Supplied data:

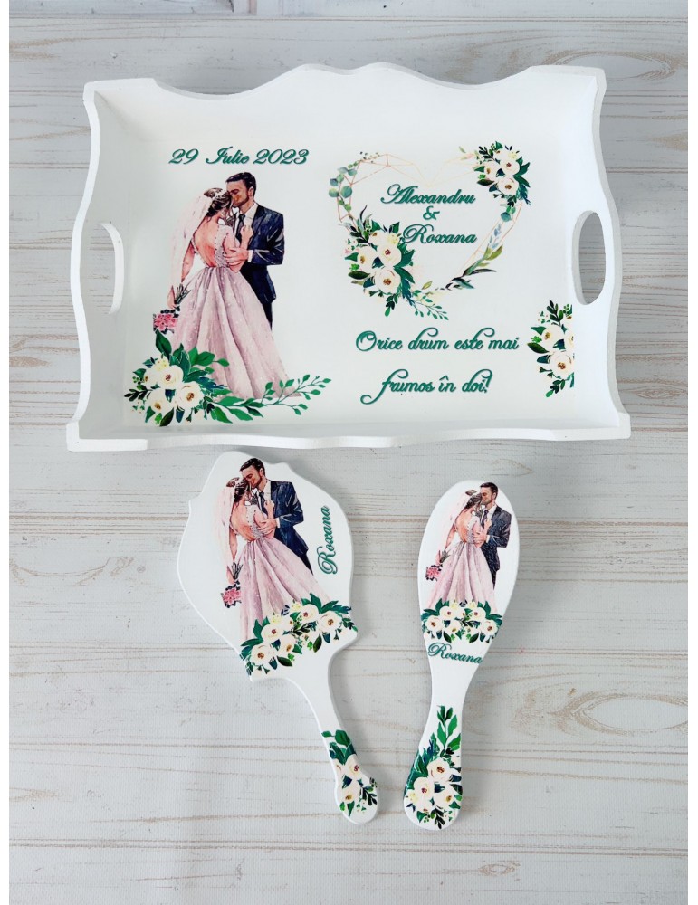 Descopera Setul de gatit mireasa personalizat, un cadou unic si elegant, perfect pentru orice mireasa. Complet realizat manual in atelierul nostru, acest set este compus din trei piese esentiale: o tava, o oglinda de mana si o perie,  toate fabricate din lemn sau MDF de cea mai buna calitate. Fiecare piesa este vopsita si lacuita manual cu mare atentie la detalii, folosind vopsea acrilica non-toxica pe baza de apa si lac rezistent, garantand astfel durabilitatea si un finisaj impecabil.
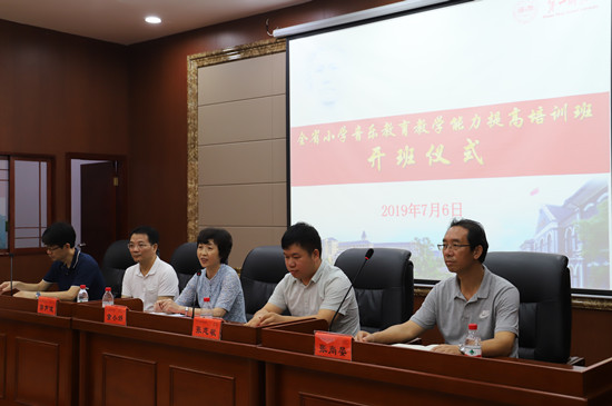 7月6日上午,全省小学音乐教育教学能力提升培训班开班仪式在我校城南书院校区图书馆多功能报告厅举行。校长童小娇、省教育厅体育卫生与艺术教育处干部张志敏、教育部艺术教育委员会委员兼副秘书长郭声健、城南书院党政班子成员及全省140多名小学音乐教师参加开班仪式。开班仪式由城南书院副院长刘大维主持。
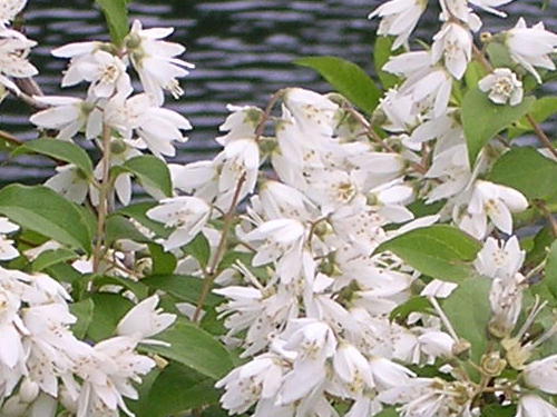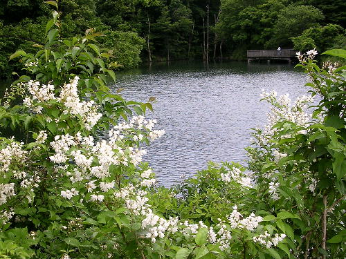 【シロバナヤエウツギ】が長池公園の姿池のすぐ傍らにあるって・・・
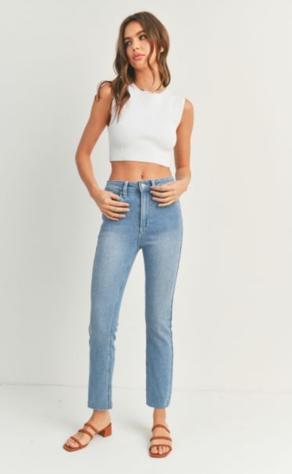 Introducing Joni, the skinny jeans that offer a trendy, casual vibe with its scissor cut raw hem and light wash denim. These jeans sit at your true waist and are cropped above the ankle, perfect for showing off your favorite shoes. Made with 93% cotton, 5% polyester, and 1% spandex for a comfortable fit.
* * *
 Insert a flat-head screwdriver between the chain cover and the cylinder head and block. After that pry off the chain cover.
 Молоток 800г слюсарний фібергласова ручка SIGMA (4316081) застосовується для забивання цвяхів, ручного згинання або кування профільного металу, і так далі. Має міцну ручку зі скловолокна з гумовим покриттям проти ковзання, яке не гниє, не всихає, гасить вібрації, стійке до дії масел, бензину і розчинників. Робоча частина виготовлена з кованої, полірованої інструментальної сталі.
* * *
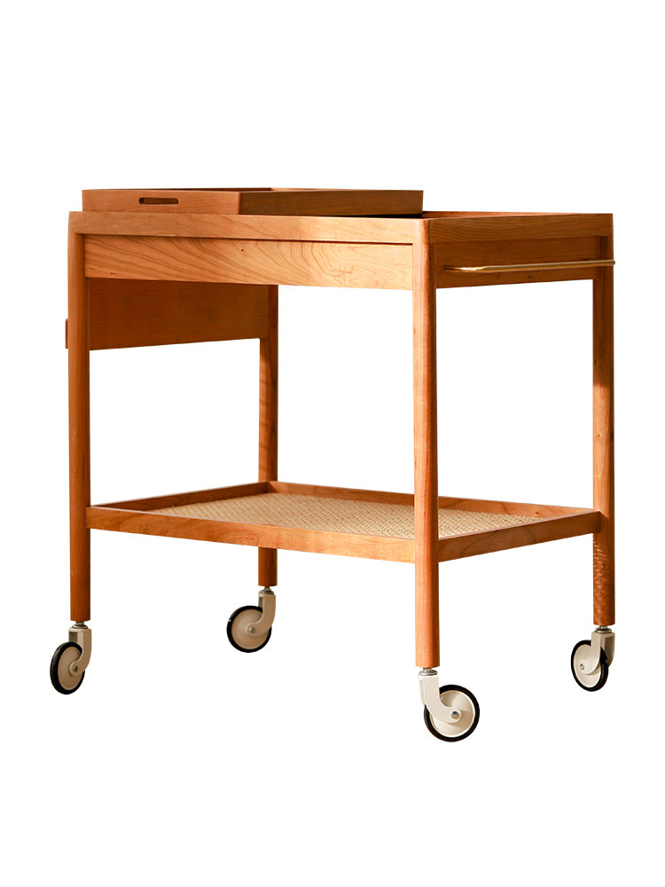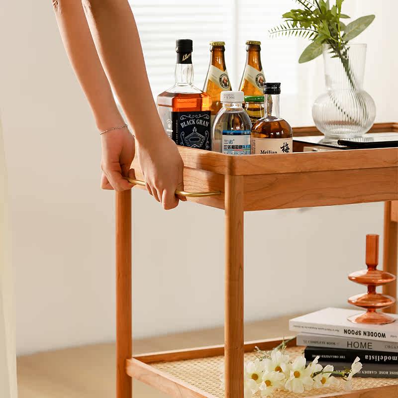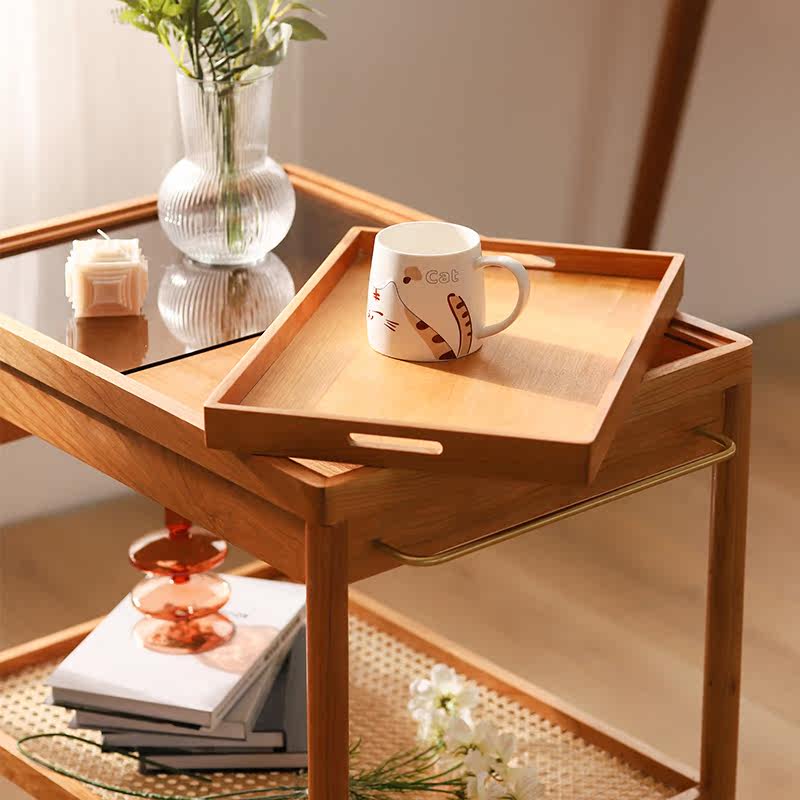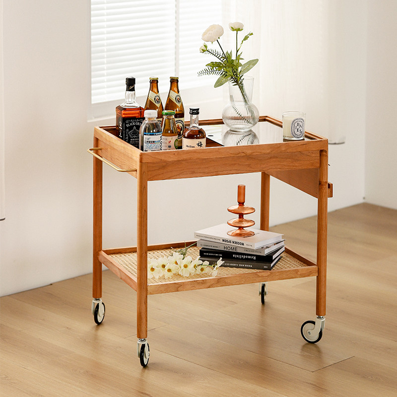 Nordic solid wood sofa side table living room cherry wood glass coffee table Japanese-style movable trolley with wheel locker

Work to be completed:
Everything above from the line containing "Descopera Setul de gatit" down to the line containing "Introducing Joni, the" is to be duplicated exactly, both lines included, and the pictures are to be omitted.

Solution to the exercise:
 Descopera Setul de gatit mireasa personalizat, un cadou unic si elegant, perfect pentru orice mireasa. Complet realizat manual in atelierul nostru, acest set este compus din trei piese esentiale: o tava, o oglinda de mana si o perie,  toate fabricate din lemn sau MDF de cea mai buna calitate. Fiecare piesa este vopsita si lacuita manual cu mare atentie la detalii, folosind vopsea acrilica non-toxica pe baza de apa si lac rezistent, garantand astfel durabilitatea si un finisaj impecabil.
 7月6日上午,全省小学音乐教育教学能力提升培训班开班仪式在我校城南书院校区图书馆多功能报告厅举行。校长童小娇、省教育厅体育卫生与艺术教育处干部张志敏、教育部艺术教育委员会委员兼副秘书长郭声健、城南书院党政班子成员及全省140多名小学音乐教师参加开班仪式。开班仪式由城南书院副院长刘大维主持。
 【シロバナヤエウツギ】が長池公園の姿池のすぐ傍らにあるって・・・
 Introducing Joni, the skinny jeans that offer a trendy, casual vibe with its scissor cut raw hem and light wash denim. These jeans sit at your true waist and are cropped above the ankle, perfect for showing off your favorite shoes. Made with 93% cotton, 5% polyester, and 1% spandex for a comfortable fit.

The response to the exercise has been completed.